November 2019
tl;dr: Fuse aleatoric and epistemic uncertainty into bayesian framework.
Overall impression
Very statistical paper. Lots of math details. The implementation in tensorflow probability (tfp) package. It reinterprets the DL object detector as one measurement device, with variance.
The anchor boxes are different measurement devices.
Marginalization over anchor distribution seem to predict epistemic uncertainty
Open-set detection problem (detecting unknown unknowns) is still one area safety-critical applications such as autonomous driving needs to focus on.
Key ideas
- The baseline: loss attenuation
\(L(x) = \frac{1}{2\sigma^2} |y - f(x)| + \frac{1}{2} \log \sigma^2\)
- Note that the uncertainty goes with anchor. (in the original OD, each anchor predicts a bbox. Again, each anchor is a sliding window)
- intelligent robust regression loss, more robust against outliers (noise)
- second term serve as a regularizer
- Bayesian inference to replace NMS:
- greedy clustering per-anchor outputs with IoU thresh = 0.5 –> this can be improved by Soft NMS
- all detection contributes in one cluster contribute to the final results, with contribution proportional to 1/uncertainty. –> this is very similar to the variance voting scheme proposed by KL Loss
- Aleatoric uncertainty estimation also includes a term for FP term.

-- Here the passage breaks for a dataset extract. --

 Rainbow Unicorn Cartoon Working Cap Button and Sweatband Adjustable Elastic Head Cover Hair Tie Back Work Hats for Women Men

\(L = \frac{1}{N_{po}}\sum_i^{N_{pos}} L(x) + \frac{1}{N_{neg}}\sum_i^{N_{neg}} \frac{1}{\sigma(x)^2}\)
- the second term is found to provide better numerical stability (but this did not transfer well to TF2.0 as claimed by the author)
Technical details
- Black box (MC drop out) method has little discriminative power between TP and FP, mainly because it observes after NMS
- Sampling free (aleatoric regression) method are faster than black box ones (one forward pass instead of multiple). The authors say they provides worse categorical discrimination, but Fig. 3 seems to be contradicting this –> why?
- The authors used GMUE instead of Total variance (trace of the covar matrix). –> why?
Notes
- The number of object instances in the scene is unknown a priori –> maybe this is one area DL is better than deterministic optimization algorithms such as MUSIC?